A terminal window showing a file tree of an agent repository: a shared folder with domain context files, and individual agent folders each containing their own instructions, memories, inbox, and projects.
An anonymized version of my actual agent repo structure. Each agent has its own folder with instructions, accumulated memories, an inbox, and project workspaces. Shared context lives in a common directory.

“[W]hat people forget is that founders at successful companies have another reason not to have to take so many notes or use so many productivity systems: They have an entire organization that acts as an extension of their intelligence. In a sense, the organization itself is the biggest productivity hack of all — rendering cheap alternatives like note-taking systems or pomodoros obsolete.”

— Dan Shipper, “AI and the Age of the Individual”

LLMs are trained on copious amounts of human interaction and language, so to me it made sense to lean into that and model my workflow around a “team” metaphor.
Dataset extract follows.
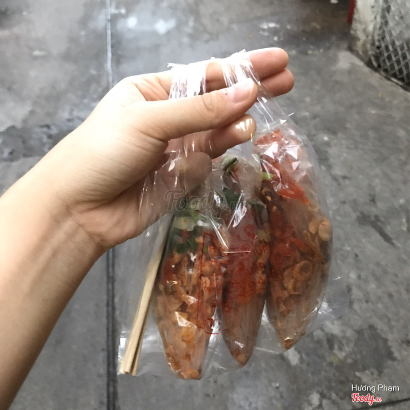 8.4Cô Loan - Bánh Tráng TômTính tối mới review mà mọi người hỏi nhiều quá mình lười rep hết nên đăng luôn vậy... Chỗ này nằm trong hẻm trường tiểu học nên chủ yếu bán cho mấy bé học sinh, bịch bé xíu nhưng rẻ nè. Topping bánh tráng có tôm khô rim, mỡ hành, đậu phộng, hành phi và ớt sa tế nếu bạn ăn cay. Bánh tráng được cắt sẵn thành miếng vuông vừa miệng, có điều bịch nhỏ quá nên trộn khó. Ngon nhất là dùng tay vò kỹ để bánh tráng thấm đều dầu hoặc đổ chung ra thau lớn rồi trộn. Thấy nguyên liệu đơn giản vậy mà ngon lắm nha, nhất là mấy em tôm nhỏ được rim vừa miệng lắm chứ không bị mặn như tép khô. Nghe người em đồn là có bịch 5, 7, 10k nhưng chỉ khác lượng bánh tráng thôi, topping vẫn vậy nên mua mấy bịch 5k ăn cho đã. Mình ăn 3 bịch vẫn không ngán, công nhận mấy món này ăn dễ bị ghiền, có điều sợ nổi mụn thôi. À đi vô hẻm thấy chỗ nào có dán bảng Foody thì mới đúng nhen tại 2 chỗ bán kế nhau luôn á, coi chừng lộn. ...Xem thêm

I’m sure you’ve had what I call the “Bob” experience within an organization before: every time a question comes up about a particular topic or system, everyone says “Oh, go ask Bob about that.” Maybe Bob’s the one who built the process or system, or maybe he’s just been around long enough to have seen it all, but everyone knows that when you need to know something about “that thing” — you go ask Bob.

So that’s what I set out to build for myself. A team of agents that would each maintain as much context as possible around a particular domain or area of responsibility. That way, when I needed a new output or had a question related to that domain, I could go to Bob (or Janet, or Patty), and ask them for help, because they’d already “know” enough background to be immediately useful.
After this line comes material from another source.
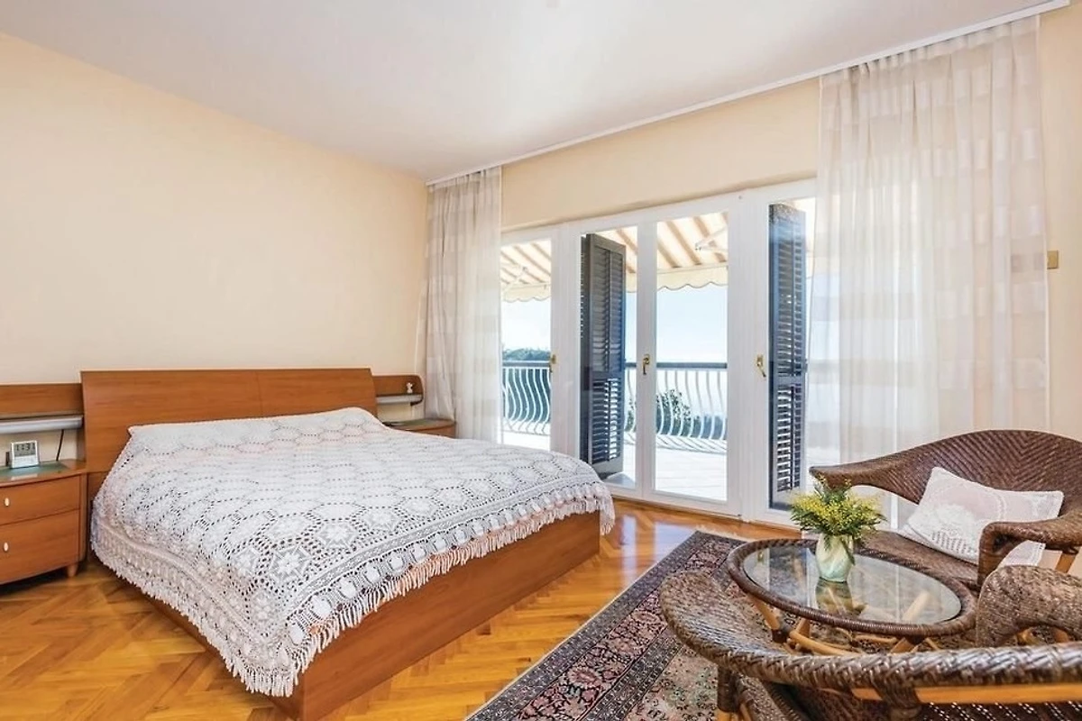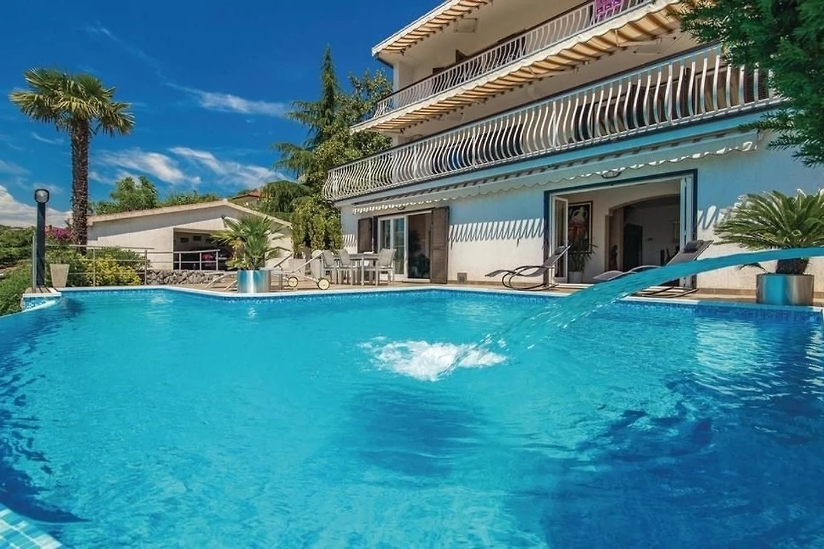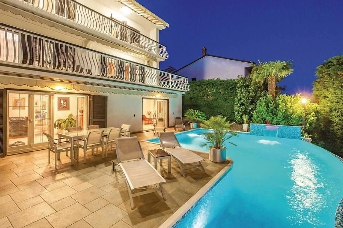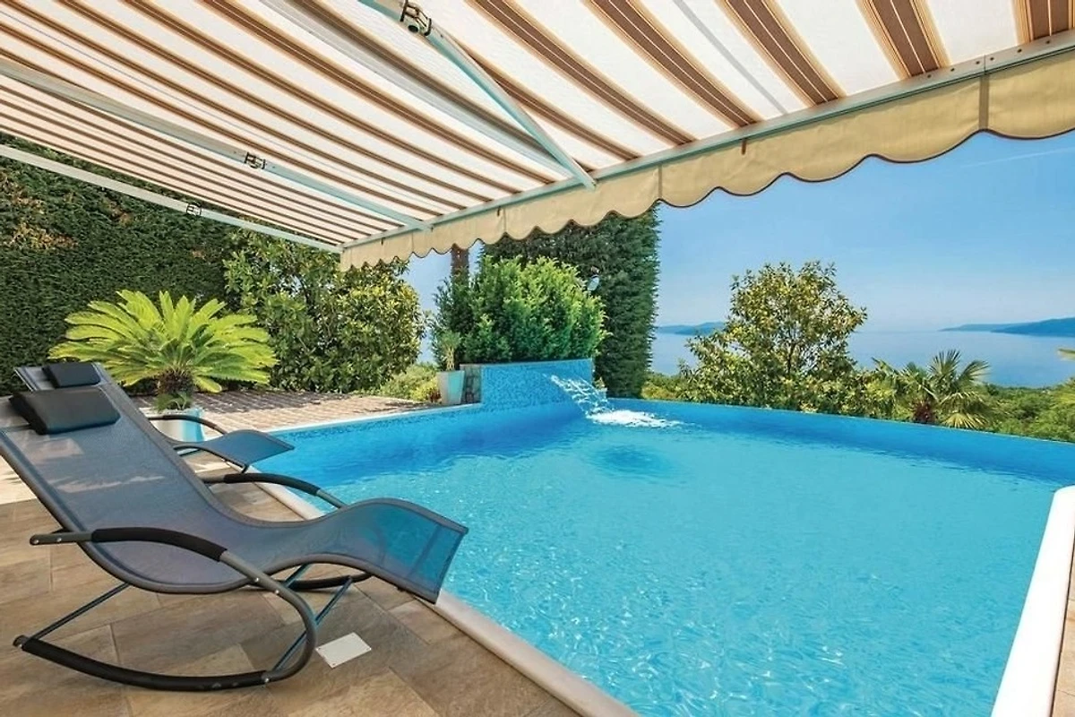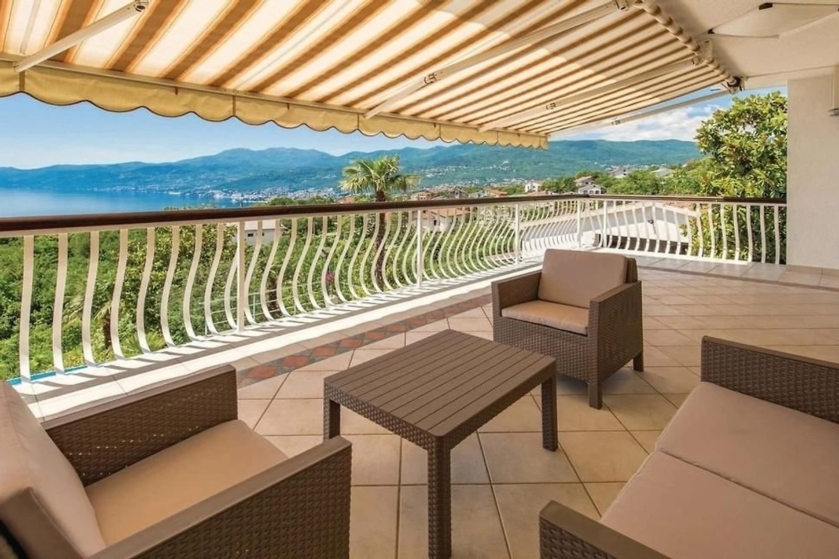 Villa Innerhofer Auszeit mit PanoramablicHoch über der Kvarner Bucht, zwischen der stilvollen und historisch bedeutsamen Küstenstadt Opatija und der Hafenstadt Rijeka, welche 2020 zur Kulturhauptstadt Europas erwählt wurde, liegt das charmante Künstlerstädtchen Kastav. Dort treffen Ruhe, Kultur und Natur aufeinander.Ein Ort zum Entspannen und GeniessenDie Villa Innerhofer liegt in Kastav im Ortsteil Brestovice und hat eine Wohnfläche von über 300 m2. Der 2.000 m² grosse, uneinsehbare Garten mit malerischen Steinwegen bietet absolute Privatsphäre und viel Platz zum Entspannen. Die grosszügige Terrasse mit Infinity-Pool bietet einen freien 180-Grad-Blick auf das atemberaubende Panorama der Kvarner Bucht. Im Garten befindet sich eine überdachte, traditionelle Konoba mit Grill der perfekte Ort für gesellige Abende, unabhängig von der Witterung.Grosszügige Wohnräume für höchsten KomfortDas Haus erstreckt sich über drei Etagen und bietet viel Platz für Erholung und Privatsphäre mit Schlafmöglichkeit für 10 -12 Personen Das grosse, gemütliche Wohnzimmer im Erdgeschoss bietet direkten Zugang zur Terrasse und zum Pool, perfekt für erholsame Stunden. Direkt angrenzend befindet sich eine gut ausgestattete Küche.Im ersten Obergeschoss stehen Ihnen zwei geräumige, klimatisierte Doppelzimmer zur Verfügung. Diese teilen sich eine grossflächige Terrasse mit einem eindrucksvollen Panorama. Zwei Badezimmer stehen zur Verfügung, ebenso wie ein Zweibettzimmer und ein Einbettzimmer, die Platz für 3 weitere Personen bieten.Das zweite Obergeschoss bietet eine flexible, klimatisierte Wohneinheit, die bei Bedarf abgetrennt werden kann. Es verfügt über zwei Badezimmer, ein gemütliches Doppelbettzimmer und eine offene Küche mit angrenzendem Wohnzimmer. Letzteres ist mit einer grossen ausziehbaren Couch ausgestattet, die bequem Platz für 2 Personen zum Schlafen bietet. Zusätzlich gibt es ein weiteres Einzelbettzimmer. Das Highlight dieser Etage ist der grosszügige Balkon, der einen sensationellen Blick über die Inseln Krk und Cres bis an Istriens Südspitze eröffnet.In der Villa Innerhofer finden grössere Gruppen oder Familien den idealen Ort, um gemeinsam Urlaub zu machen, ohne auf Privatsphäre verzichten zu müssen.

But it’s one thing to collect the disparate context needed to help an agent be an effective assistant — it’s quite another to keep that context updated over time.

The good news is that AI agents are very, very good at helping themselves do just that.
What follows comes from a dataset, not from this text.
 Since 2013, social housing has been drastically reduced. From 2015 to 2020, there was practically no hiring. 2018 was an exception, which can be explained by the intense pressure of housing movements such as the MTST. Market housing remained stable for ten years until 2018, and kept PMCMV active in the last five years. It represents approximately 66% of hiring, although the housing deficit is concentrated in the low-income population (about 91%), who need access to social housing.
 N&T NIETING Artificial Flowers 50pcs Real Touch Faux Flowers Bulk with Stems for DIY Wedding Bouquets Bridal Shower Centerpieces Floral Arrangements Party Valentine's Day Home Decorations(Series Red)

I made a new folder on my computer, and in the folder made sub-folders for multiple agents. Each one has a name and a basic persona, and each one is designed to accumulate and manage knowledge and context for a particular domain. They have detailed instructions about to keep their own “memories”, and for how to maintain and update information about their particular domain.

At the start of each session, the very first thing they do is load up all of that previous context so we can pick up exactly where we left off the last time. Then the very last thing they do before we wrap up is update all of those memories to reflect what’s new or what’s changed. My interactions with them along the way(researching, writing, analyzing, modeling) gives them realtime information about how the context is evolving, and then they do the work of organizing and processing that information over time.

I’ve also added tools for the agents to easily access email, docs, Slack, and other external sources of context, making it easy for me to direct them to get up to speed quickly on specific items.

Because their context is continually updating, the agents have accumulated a rich understanding of what’s going on, so I don’t have to keep explaining things like projects, priorities, and people. I can just say things like, “Please refresh me on where things stand with the Acme partnership negotiation,” and “OK, which of the product descriptions still need to be updated?”

The main benefit is not that it helps me produce more useful outputs (though it absolutely does1). It’s that it preserves continuity of context over time. It dramatically lowers the cost of returning to hard problems without starting over. It helps maintain the internal map (or really, maps) needed to be effective. And once you’ve experienced that, it’s very hard to go back. For me, the system has stopped feeling like a system or a trick or a hack or a process, and started feeling like essential infrastructure.

  1. One of my agents helped me quickly find several good real-life example prompts to use above; another reviewed my entire archive of thousands of Readwise highlights to find relevant quotes to accompany this post. Then they managed all of the fiddly bits needed to get it published.